- [YOUR ASSIGNMENT]
Each entry should be returned exactly as written, with no pictures carried over.

Data items
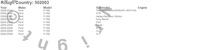 Below is an abbreviated list of applications for the Lifted M1 Struts.F-150, Ford, 2008, 2007, 2006, 2005, 2004
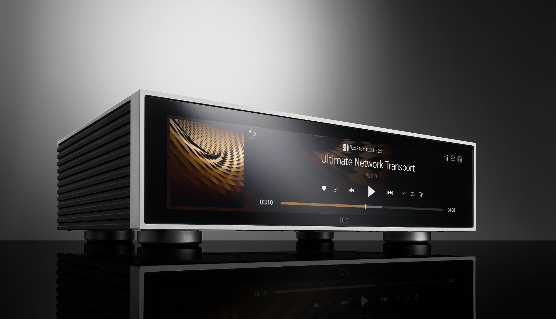 The HiFi Rose RS130 is a high-end network transport designed to deliver an ultra-clean digital audio signal to an external DAC. It does not include a DAC, but instead focuses entirely on producing the highest-quality digital output with extremely low noise and jitter.
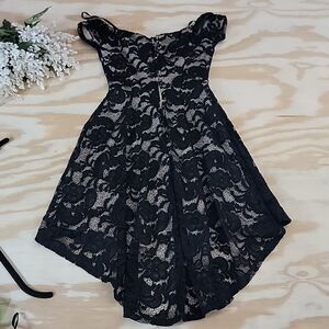 Camille LA Vie Black Lace Asymmetrical Cocktail Dress
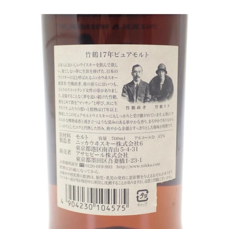 品名ニッカ 竹鶴17年 ピュアモルト お酒 アルコール 700ml 43%
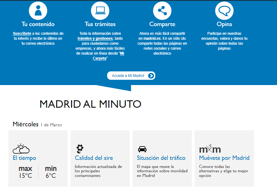 Espeluznante. En 10 años han hecho un único cambio estético (cambiar el tono de azul y… qué más?). Han desaprovechado el momento de actualización del imagotipo, que habría sido una muy buena ocasión para darle un lavado de cara (y no solo cara… también estructural) de los puntos de acceso digitales del ayuntamiento.
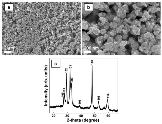 Copper sulfide synthesized by wet chemical precipitation was investigated from morphological and structural point of view. The FESEM images (Figure 2a,b) reveal that the prepared black powder consists in nanoparticles with sizes below 100 nm and agglomerated nanoparticles. The XRD pattern (Figure 2c) shows the main peaks associated with the Miller indexes of the reflecting planes attributed to the CuS hexagonal covellite phase (ICDD 00-006-0464). The crystallite size (D) of the CuS nanoparticles was calculated to be around 23 nm based on Debye–Scherrer formula D = Kλ/βcosθ, where K is the shape factor (0.9), λ is the wavelength of the incident radiation (0.154 nm), β is the full width at half maximum (FWHM) of the most intense diffraction peak, and θ is the Bragg angle.
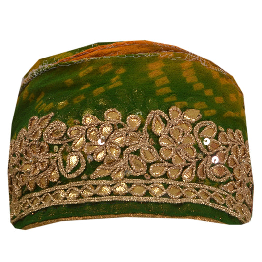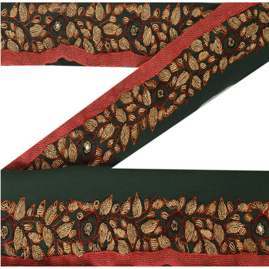 Sanskriti Vintage 1 YD Sari Border Hand Beaded Zardozi Trim Green 1.5W Lace
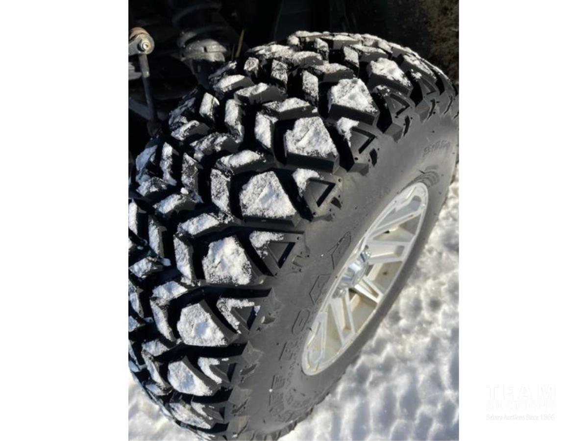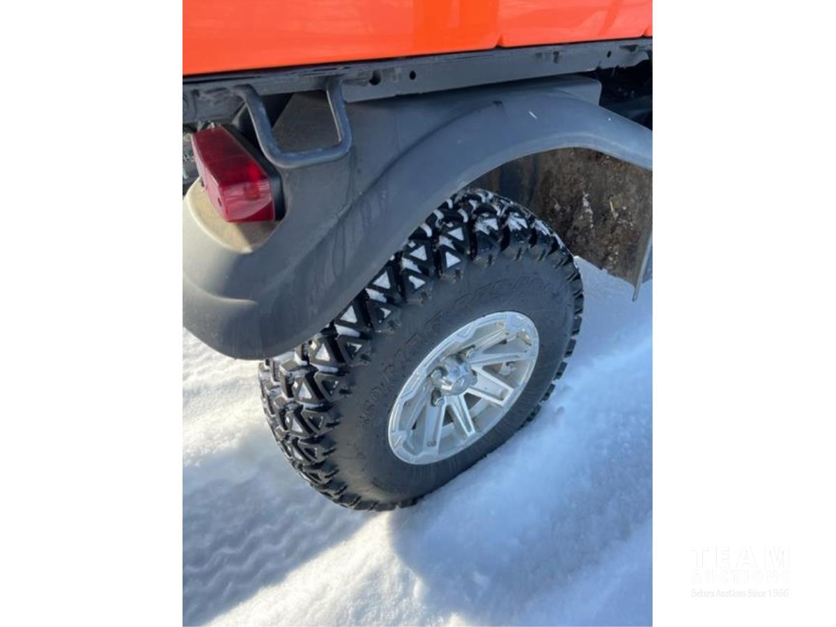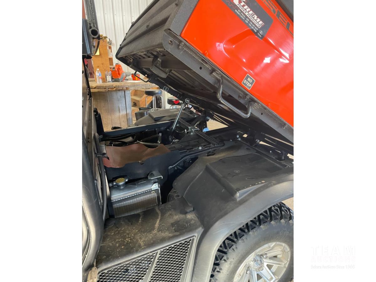 Diesel 3 cylinder liquid cooled engine, variable hydraulic transmission, differential lockers, front winch, front guard, power steering, full enclosed cab with heater, hydraulic dump box, front and rear extra cab mounted lights, alloy wheels with 25X10-12 ply tires
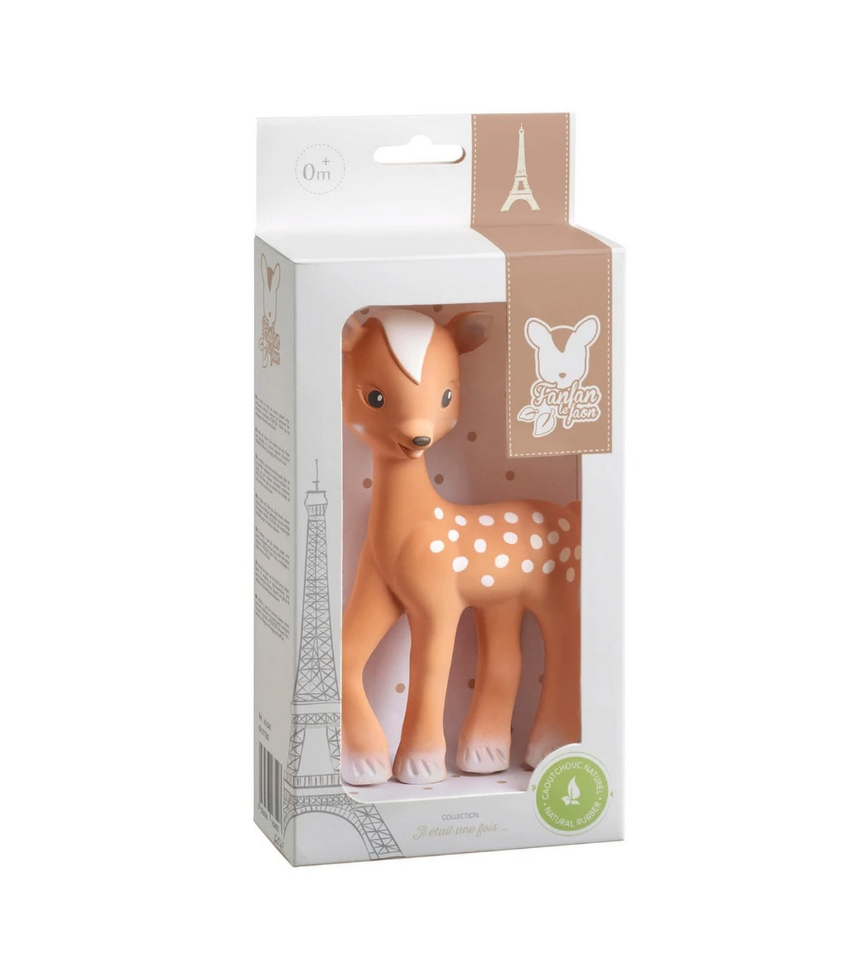 Fanfan el ciervo es el compañero ideal para tu bebé, fabricado en caucho 100% natural y pintado con pintura alimentaria. Su diseño atractivo, con manchas oscuras, estimula los sentidos del bebé. Incluye un silbato que desarrolla el oído y alivia las encías con sus partes flexibles. Ligero y fácil de agarrar, su textura suave calma al bebé, convirtiéndose en un juguete familiar y reconfortante.
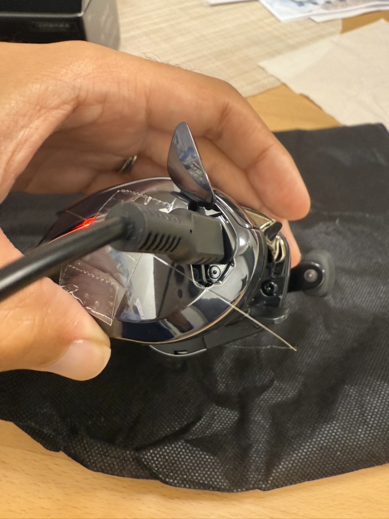 これに尽きるでしょう。自動的にブレーキをかけてくれる夢のベイトリールです。もちろんデジタルブレーキの元祖はシマノのDC。シュイーーンというかっちょいいサウンドと共にしっかりとスプールを制御してくれるアレです。しかし、あれは自家発電式。こいつは充電という少しばかり面倒なことをする必要はありますが、その電源を使って、より細かにブレーキを効かせてくれるというワケです。
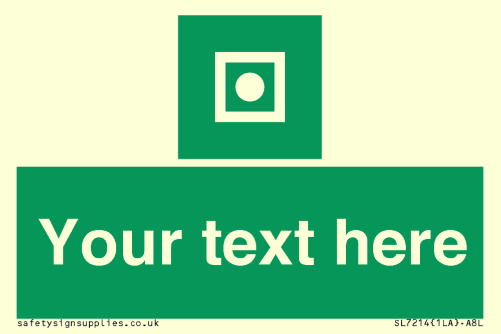 Sign Text: Your custom text Dimensions: 75x50mm Material: Vinyl Photoluminescent sticker Orientation: Landscape Text Colour: White Background Colour: Green More...
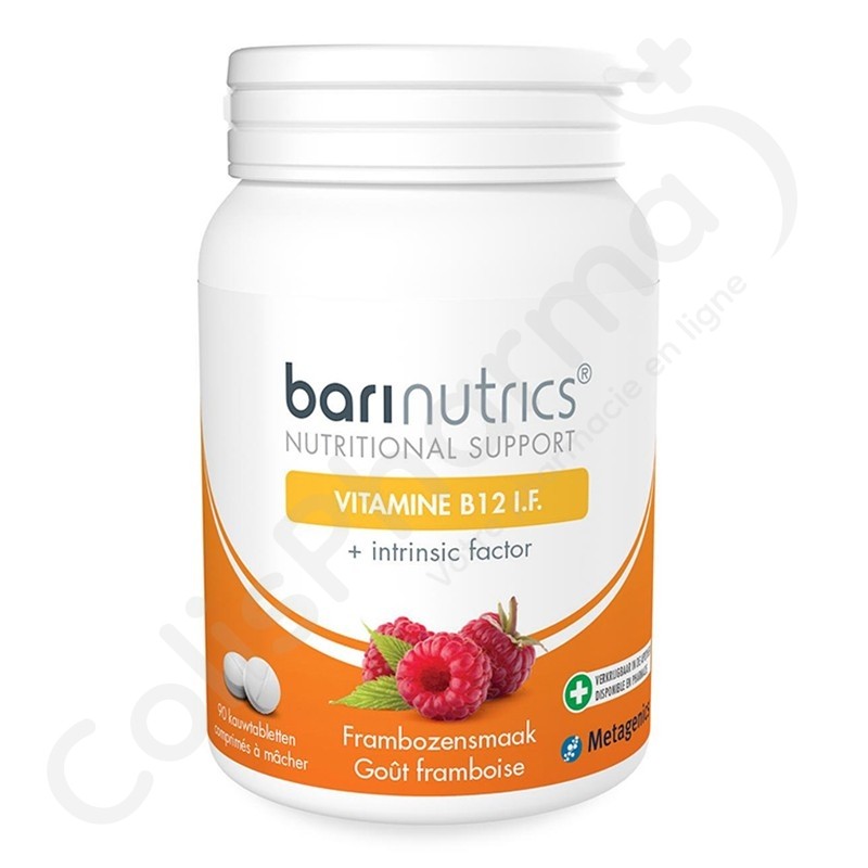 BariNutrics Vitamine B12 est un complément alimentaire au goût de framboise qui contient une forte dose de vitamine B12 par comprimé et comprend du facteur intrinsèque pour une absorption optimale de la vitamine B12.

- [THE ANSWER]
 Below is an abbreviated list of applications for the Lifted M1 Struts.F-150, Ford, 2008, 2007, 2006, 2005, 2004
 The HiFi Rose RS130 is a high-end network transport designed to deliver an ultra-clean digital audio signal to an external DAC. It does not include a DAC, but instead focuses entirely on producing the highest-quality digital output with extremely low noise and jitter.
 Camille LA Vie Black Lace Asymmetrical Cocktail Dress
 品名ニッカ 竹鶴17年 ピュアモルト お酒 アルコール 700ml 43%
 Espeluznante. En 10 años han hecho un único cambio estético (cambiar el tono de azul y… qué más?). Han desaprovechado el momento de actualización del imagotipo, que habría sido una muy buena ocasión para darle un lavado de cara (y no solo cara… también estructural) de los puntos de acceso digitales del ayuntamiento.
 Copper sulfide synthesized by wet chemical precipitation was investigated from morphological and structural point of view. The FESEM images (Figure 2a,b) reveal that the prepared black powder consists in nanoparticles with sizes below 100 nm and agglomerated nanoparticles. The XRD pattern (Figure 2c) shows the main peaks associated with the Miller indexes of the reflecting planes attributed to the CuS hexagonal covellite phase (ICDD 00-006-0464). The crystallite size (D) of the CuS nanoparticles was calculated to be around 23 nm based on Debye–Scherrer formula D = Kλ/βcosθ, where K is the shape factor (0.9), λ is the wavelength of the incident radiation (0.154 nm), β is the full width at half maximum (FWHM) of the most intense diffraction peak, and θ is the Bragg angle.
 Sanskriti Vintage 1 YD Sari Border Hand Beaded Zardozi Trim Green 1.5W Lace
 Diesel 3 cylinder liquid cooled engine, variable hydraulic transmission, differential lockers, front winch, front guard, power steering, full enclosed cab with heater, hydraulic dump box, front and rear extra cab mounted lights, alloy wheels with 25X10-12 ply tires
 Fanfan el ciervo es el compañero ideal para tu bebé, fabricado en caucho 100% natural y pintado con pintura alimentaria. Su diseño atractivo, con manchas oscuras, estimula los sentidos del bebé. Incluye un silbato que desarrolla el oído y alivia las encías con sus partes flexibles. Ligero y fácil de agarrar, su textura suave calma al bebé, convirtiéndose en un juguete familiar y reconfortante.
 これに尽きるでしょう。自動的にブレーキをかけてくれる夢のベイトリールです。もちろんデジタルブレーキの元祖はシマノのDC。シュイーーンというかっちょいいサウンドと共にしっかりとスプールを制御してくれるアレです。しかし、あれは自家発電式。こいつは充電という少しばかり面倒なことをする必要はありますが、その電源を使って、より細かにブレーキを効かせてくれるというワケです。
 Sign Text: Your custom text Dimensions: 75x50mm Material: Vinyl Photoluminescent sticker Orientation: Landscape Text Colour: White Background Colour: Green More...
 BariNutrics Vitamine B12 est un complément alimentaire au goût de framboise qui contient une forte dose de vitamine B12 par comprimé et comprend du facteur intrinsèque pour une absorption optimale de la vitamine B12.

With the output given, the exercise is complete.